Repúdio é da maioria
Pedro J. Bondaczuk
O
episódio da liberação do excesso de bagagem da delegação brasileira, que voltou
dos Estados Unidos trazendo o tetra, na Alfândega do Aeroporto Internacional do
Rio, sem o pagamento dos impostos devidos, embora tenha em si um fato negativo,
apresenta, também, um lado bom.
As
reações, por parte de vários setores da sociedade, de repúdio a essa atitude e
de aplausos à coragem e ao brio do secretário da Receita Federal, Osíris Lopes
Filho, são fatos que não se pode desprezar. Na sexta-feira, o
"DataFolha" divulgou uma pesquisa dando conta de que em torno de 79%
dos paulistanos condenaram a isenção de tributos aos jogadores, responsável por
um prejuízo de US$ 1 milhão aos cofres públicos.
Esse
fato mostra que os tempos mudaram e que o brasileiro sabe distinguir muito bem
as coisas. Acertaram os analistas que previram que, desta vez, ao contrário do
que aconteceu em Copas anteriores, a população, em sua grande maioria, não se
deixaria levar pela euforia para ser manipulada de novo pelos políticos e por
demagogos.
Tudo
bem, o Brasil conquistou o tetracampeonato, tão sonhado e ambicionado. Mas esse
feito não coloca seus autores acima da lei. Até porque, não foi apenas o
futebol que se encheu de glórias. O saudoso piloto de Fórmula 1, Ayrton Senna,
conquistou três campeonatos, mas nunca se soube que tenha tentado entrar com
contrabando no País. E muito menos que haja feito chantagem, para que as
autoridades fizessem vistas grossas a este tipo de irregularidade ou a outro
qualquer.
O
mesmo vale para Nelson Piquet e Emerson Fittipaldi, no automobilismo, ou para a
seleção de vôlei masculino, medalha de ouro nas Olimpíadas e campeã da Liga
Mundial, ou para o basquete feminino, que antes da Copa dos Estados Unidos
havia obtido, brilhantemente, um título inédito e heróico na Austrália.
Em
situações como esta, é preciso "dar nome aos bois", como diz o povo.

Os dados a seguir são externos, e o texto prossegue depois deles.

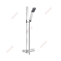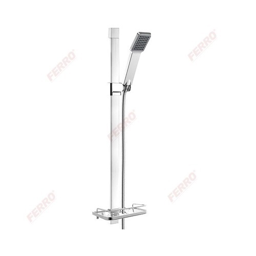 Elegant Ferro QUADRO N110-LA sliding shower set with a modern chrome finish, designed for smooth height adjustment and long-term durability. Includes a contemporary hand shower, adjustable square-profile rail, and flexible hose. Ideal for residential and commercial bathrooms requiring a stylish and reliable shower solution.
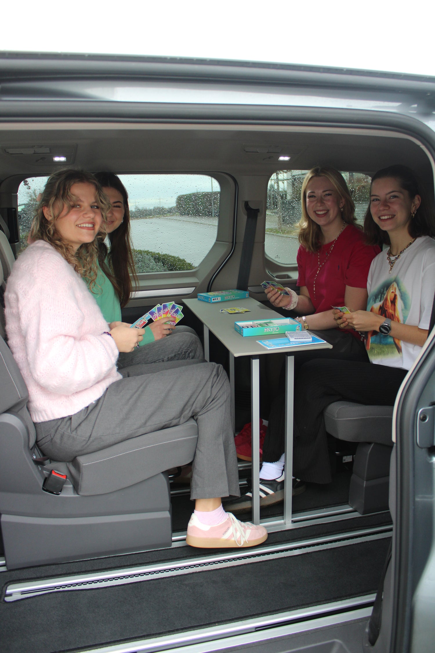 Exklusiver Klapptisch für den VW Multivan T7 an dem sage und schreibe 4 Personen Platz finden.
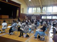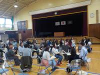 就学時健康診断の裏側では、保護者説明会を行いました。封筒に入っている資料の確認や提出物等について説明を行いました。その後、家庭教育アドバイザーの比嘉 里奈(ひか りな)先生からの公演がありました。公演中は、保護者の方同士で話し合いをしながら交流を深めました。
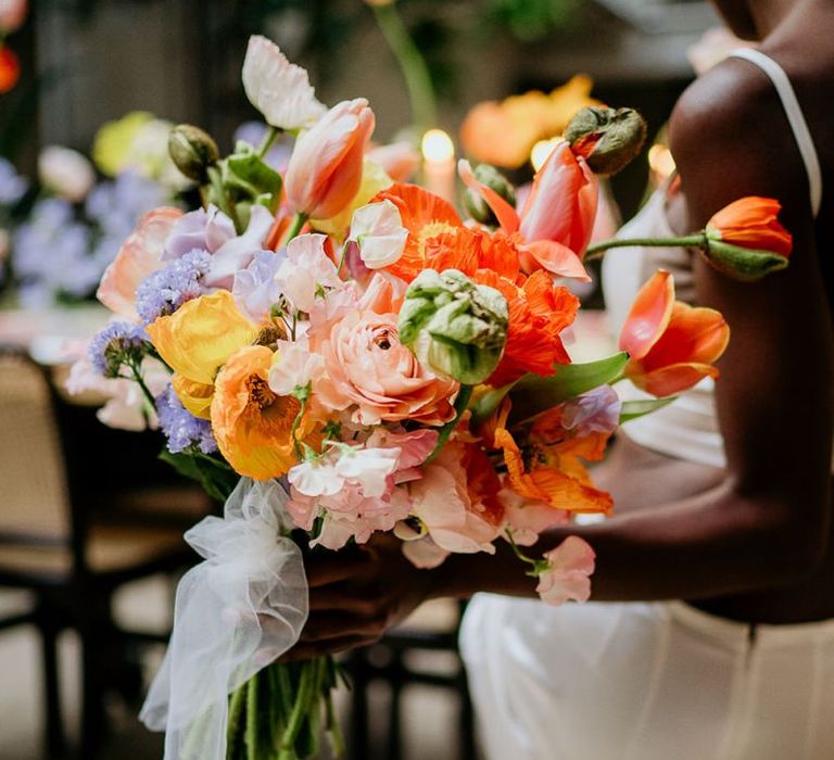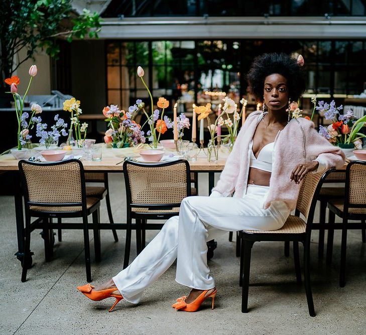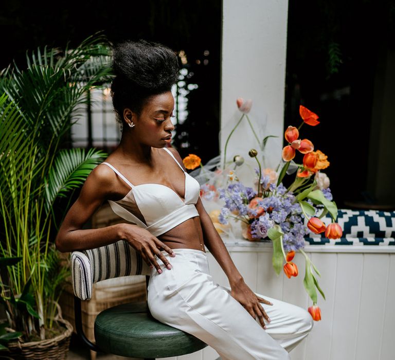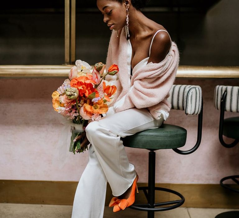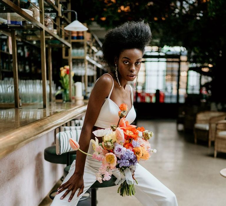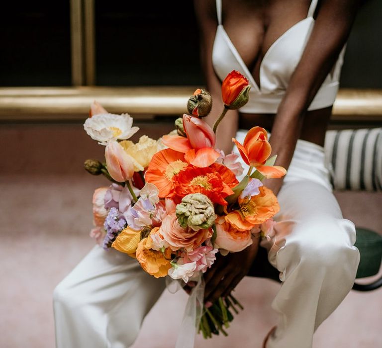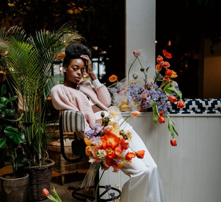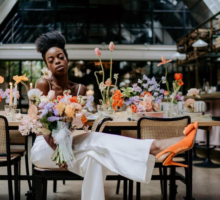 Modern Colourful Spring Flowers for Wedding with Trousers Outfit

Osíris, em entrevista dada na sexta-feira (22 de julho de 1994),
responsabilizou diretamente o presidente da Confederação Brasileira de Futebol,
Ricardo Teixeira, pelo desembaraço ilegal da bagagem.
Péssimo
exemplo para quem aspira à presidência da Fifa, em 1998, em substituição ao
sogro. O ex-secretário garante que "os jogadores foram usados pelos
cartolas para fazer entrar no Brasil produtos importados sem passar pela
Alfândega".
Até
concordamos que tenha ocorrido isso. Mas faltou personalidade ao grupo. Não
foram eles que disseram, ainda em Los Angeles, que as autoridades não deveriam
usar essa conquista para camuflar os problemas brasileiros, como a fome, a
violência e o desemprego?
Faltou
um líder entre os craques que tomasse a frente dos demais e desse o exemplo,
pagando o imposto devido. Osíris ressaltou que, como todo brasileiro, estava
feliz com o tetra. Mas que a mesma lei, que valia para os "mortais
comuns", foi feita para os "deuses" (mesmo que com pés de barro,
acrescentaríamos).
O
excesso de bagagem deveria pertencer, mesmo, à comitiva, pois como argumentou o
secretário, "a maioria dos jogadores mora no Exterior e não teria
necessidade de fazer compras". Será que nos países onde jogam conseguiriam
essa liberação "por baixo do pano"? Afinal, alguns deles são campeões
nacionais pelos clubes que defendem. Por que haveria o Brasil de permitir?
(Artigo
publicado na página 2, Opinião, do Correio Popular, em 25 de julho de 1994).